Module: ElasticGraph::SchemaDefinition::Mixins::HasTypeInfo

Included in:
SchemaElements::Field, SchemaElements::ScalarType, SchemaElements::TypeWithSubfields
Defined in:
lib/elastic_graph/schema_definition/mixins/has_type_info.rb

Overview

Mixin used to specify non-GraphQL type info (datastore index and JSON schema type info). Exists as a mixin so we can apply the same consistent API to every place we need to use this. Currently it’s used in 3 places:

Constant Summary collapse

CUSTOMIZABLE_DATASTORE_PARAMS =

Set of mapping parameters that it makes sense to allow customization of, based on [the Elasticsearch docs](www.elastic.co/guide/en/elasticsearch/reference/8.15/mapping-params.html).

Set[
  :analyzer,
  :eager_global_ordinals,
  :enabled,
  :fields,
  :format,
  :index,
  :meta, # not actually in the doc above. Added to support some `index_configurator` tests on 7.9+.
  :norms,
  :null_value,
  :search_analyzer,
  :type,
]

Instance Method Summary collapse

Instance Method Details

#json_schema(**options) ⇒ void

Note:

We recommend using JSON schema validations in a limited fashion. Validations that are appropriate to apply when data is entering the system-of-record are often not appropriate on a secondary index like ElasticGraph. Events that violate a JSON schema validation will fail to index (typically they will be sent to the dead letter queue and page an oncall engineer). If an ElasticGraph instance is meant to contain all the data of some source system, you probably don’t want it applying stricter validations than the source system itself has. We recommend limiting your JSON schema validations to situations where violations would prevent ElasticGraph from operating correctly.

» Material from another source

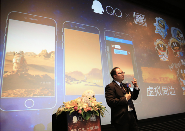 12月3日,腾讯 QQ 与二十世纪福斯联合推广战略合作发布会在北京举行,双方宣布将会以《火星救援》电影合作为契机,持续展开电影授权、植入等多元化合作。除此之外,QQ还首次对外披露了“娱乐社交”战略,以本项与20世纪福斯的合作作为出发点,会通过虚拟周边、社群运营和联合推广等方式, 开展电影方面的合作,重点挖掘娱乐产业和QQ相结合能给用户带来的价值。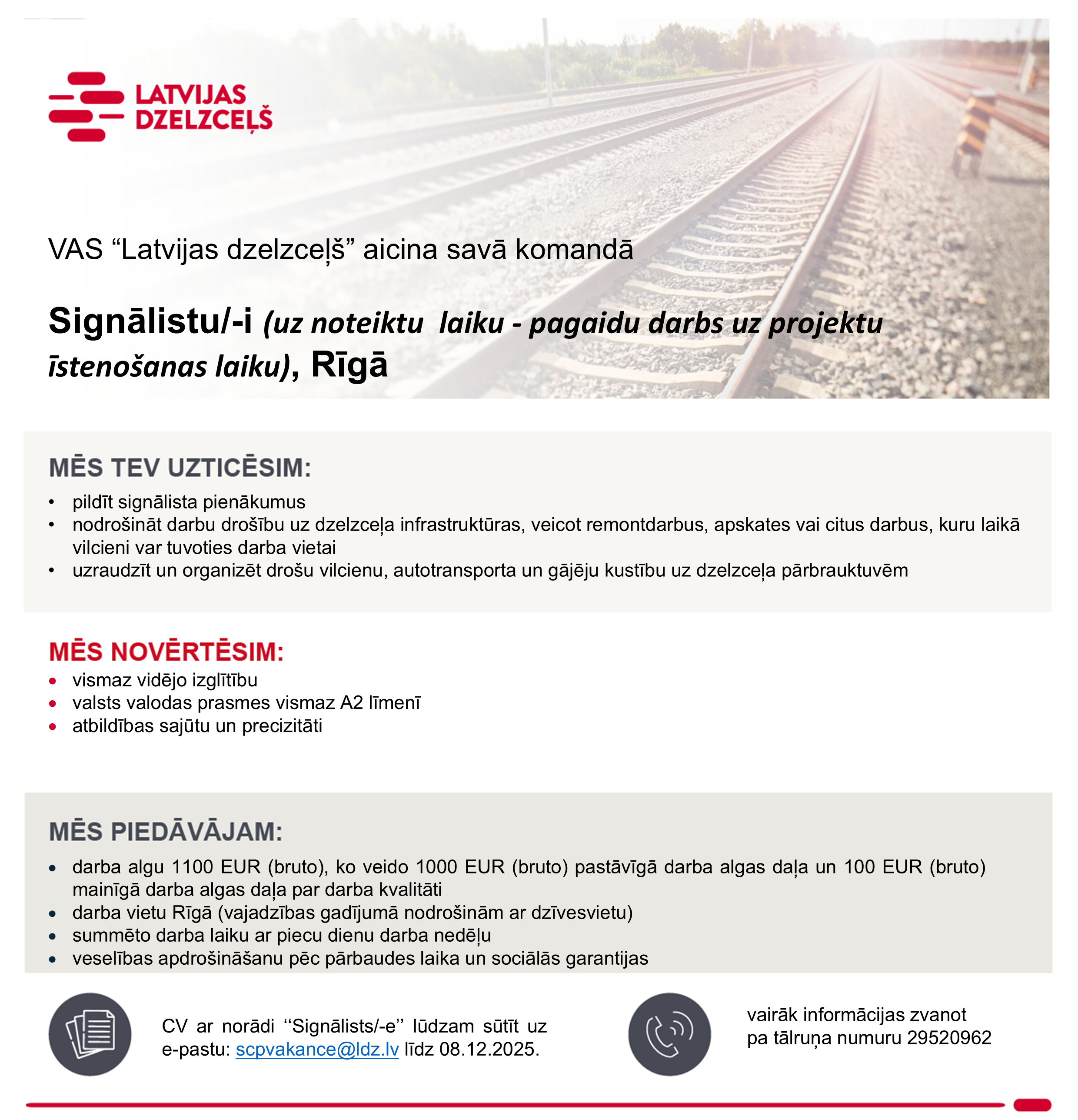 Piesakoties amata vakancei pretendents apliecina, ka sniegtie dati ir patiesi un piekrīt, ka Koncerns “Latvijas dzelzceļš” veiks šo datu apstrādi darbā iekārtošanās nolūkā. Mēs iesniegtos datus uzglabāsim VAS “Latvijas dzelzceļš” datu bāzē 1 gadu pēc konkursa beigām ar mērķi nodrošināt savu tiesību aizsardzību. Iesūtot datus, pretendents var izteikt piekrišanu savu datu uzglabāšanai Koncerna “Latvijas dzelzceļš” datu bāzē 1 gadu, lai tos izmantotu arī citos Koncerna “Latvijas dzelzceļš” sabiedrībās piemērotu vakanču personāla atlases procesos. Pēc pretendenta pieprasījuma, personas dati var tikt dzēsti jebkurā brīdī, informāciju sūtot e-pastu – datuaizsardziba[at]ldz.lv.Privātuma politika.

This method returns an undefined value.

Defines the [JSON schema](json-schema.org/understanding-json-schema/) validations for this field or type. Validations defined here will be included in the generated ‘json_schemas.yaml` artifact, which is used by the ElasticGraph indexer to validate events before indexing their data in the datastore. In addition, the publisher may use `json_schemas.yaml` for code generation and to apply validation before publishing an event to ElasticGraph.

Can be called multiple times; each time, the options will be merged into the existing options.

This is required on a SchemaElements::ScalarType (since we don’t know how a custom scalar type should be represented in JSON!). On a SchemaElements::Field, this is optional, but can be used to make the JSON schema validation stricter then it would otherwise be. For example, you could use ‘json_schema maxLength: 30` on a `String` field to limit the length.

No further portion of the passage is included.